The milky stork's range is restricted to Southeast Asia, where it is widely but patchily distributed. It occurs in Sumatra (its global stronghold), Java, Sulawesi, eastern Malaysia, Cambodia, southern Vietnam (where it probably largely recolonised after the war of 1963–75), Bali, Sumbawa, Lombok and Buton. It historically occurred in southern Thailand, but is now very likely extinct there. One perfect adult male milky stork specimen from Setul in Peninsula Thailand taken from 1935 was later found among collections of the Zoological Reference Collection at the National University of Singapore, suggesting that the species was formerly resident here. The discovered specimen was the first, and probably also the last milky stork to be reported from Thailand, although this stork probably still occasionally visits Thailand as a vagrant. It is also vagrant elsewhere to countries such as Bali and Sumbawa, and is resident on Sumatra, Java and Sulawesi (all within Indonesia). The milky stork was first reported on Sulawesi when a group of five apparently resident individuals was sighted there in 1977. The island of Madura may also support an important population after 170 individuals were sighted there in 1996.

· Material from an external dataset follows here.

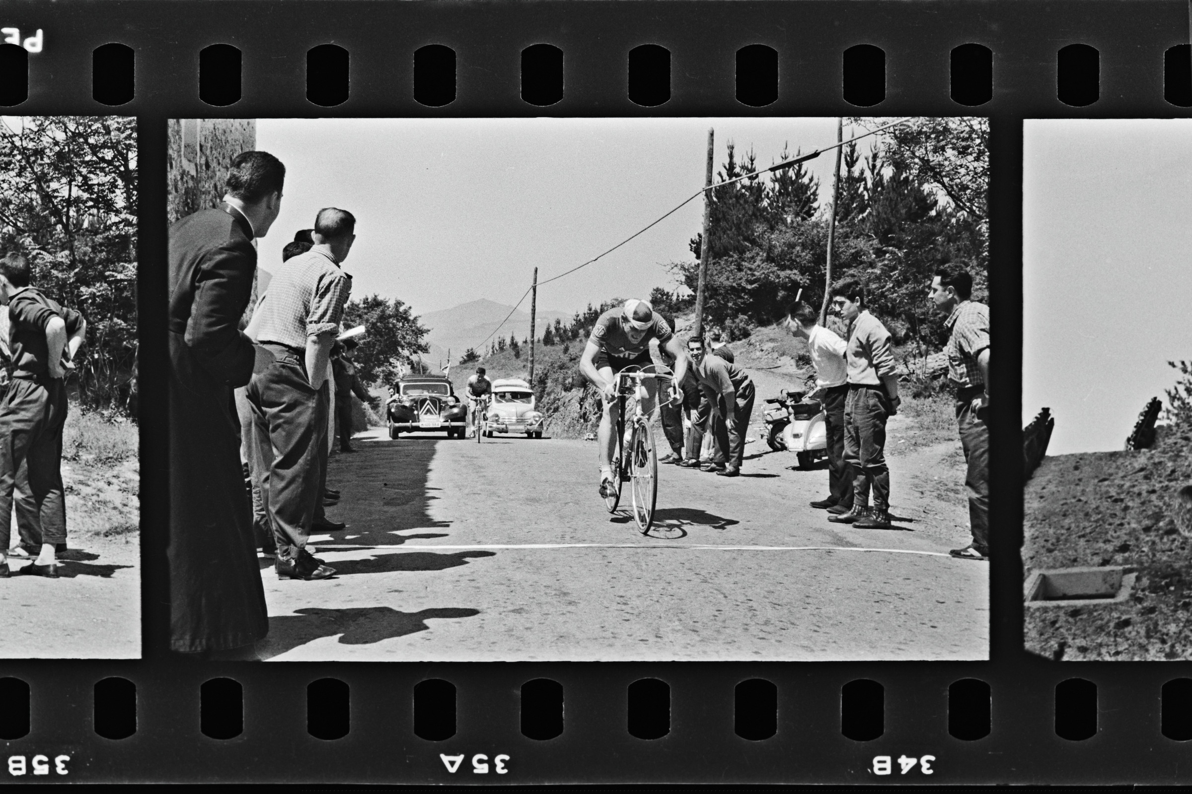 | Ciclista subiendo un puerto: detrás otro ciclista y dos coches | Ciclismo Pascuas de Pentecostés. Vencedor: |

The milky stork previously ranged more widely throughout Southeast Asia. For example, it was formerly widely distributed along the coasts of the Malaysian Peninsula, but is now restricted to Matang Mangrove Forest in Perak.

The milky stork is predominantly a lowland coastal species throughout its range; where it inhabits mangrove, freshwater and peat swamps, and estuaries. The only proven breeding records however are reported from mangroves bordering the feeding grounds. It forages on tidal mudflats, in shallow saline or freshwater pools, freshwater marshes, fishponds, rice fields; and on backswamps along river floodplains up to 15 km from the coast. The milky stork's breeding habitat requirements are extensive and undisturbed mangrove (and probably also riverine or dryland) forest with tall, outstanding trees behind it; and shallow pools within the forest for juveniles to forage in. The tall trees are also used for resting, and there should be sufficient individual limbs from which to take off. With a lack of such suitable trees, manmade alternatives such as cart wheels mounted on poles have been proposed.

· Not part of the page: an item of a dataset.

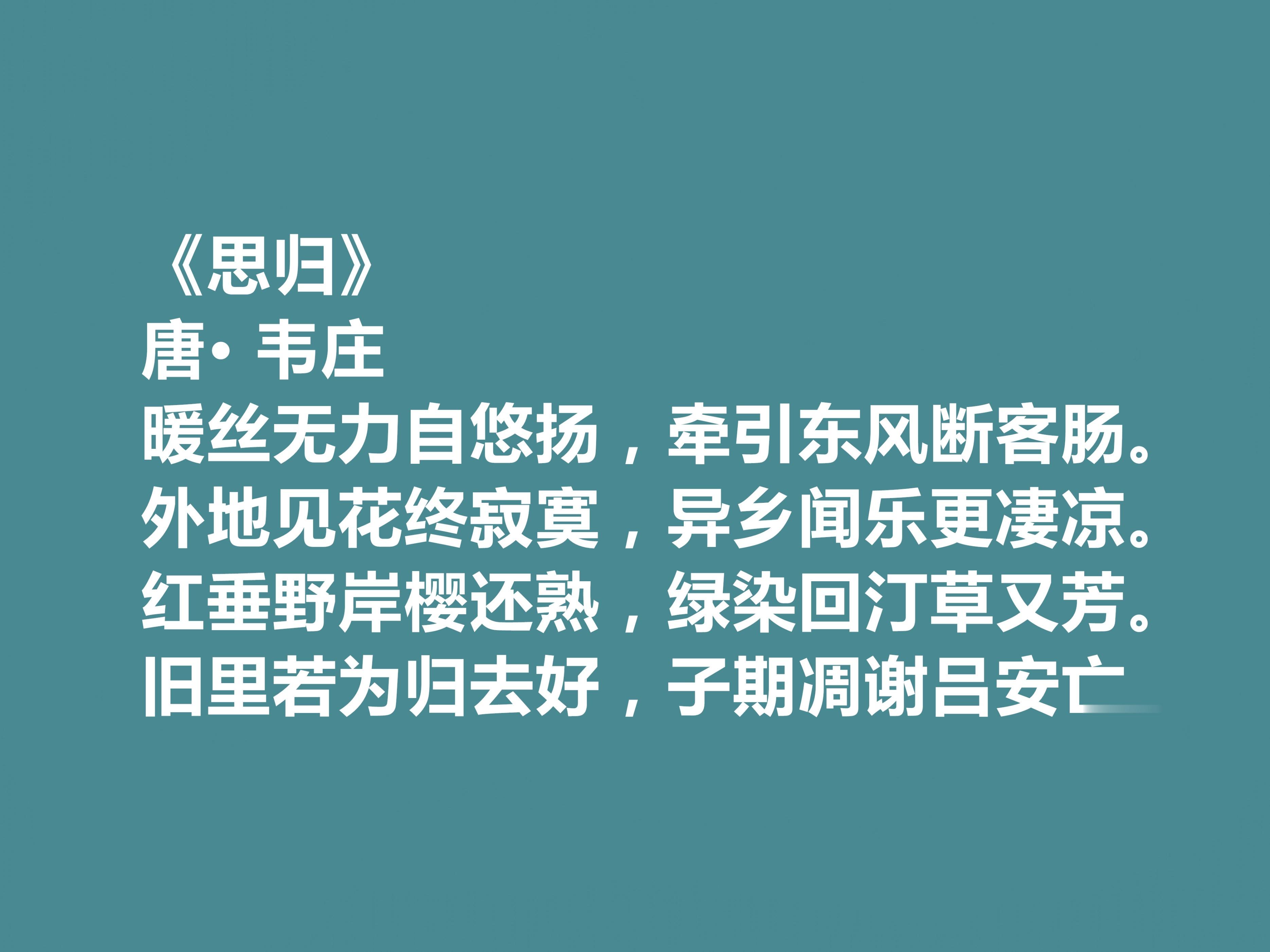 他的诗歌可分为三类:一是乱世纪实诗,以《秦妇吟》为代表,堪称“唐代战地报道”;二是怀乡羁旅诗,如“洛阳城里春光好,洛阳才子他乡老”道尽漂泊之苦;三是咏史怀古诗,《台城》中“无情最是台城柳”借景抒情,暗含对历史轮回的喟叹。韦庄以诗存史,以政安民,在唐末五代的黑暗岁月中,用笔墨与行动点亮了文明的微光。

In Peninsular Malaysia, the milky stork is more exclusively marine than the congeneric painted stork. However, the two species' ranges are said to overlap in the marshy plains of Cambodia, where they probably use the same habitats.

==Migration and other movements==
The milky stork probably undertakes short seasonal migration outside the breeding season, but little is known of the timing and path of such movements. Local migrations by milky storks (and several other wader species) may be caused by onset of drought in the dry season. In Cambodia however, it disperses during the wet season from Tonlé Sap Lake probably to the coast. Milky storks are reported migrating from Sumatra to Java, and across the Sunda Straits, in September and October. Although these apparent migrations are not extensively mapped, milky stork flocks are reported to range over 200 km in a day.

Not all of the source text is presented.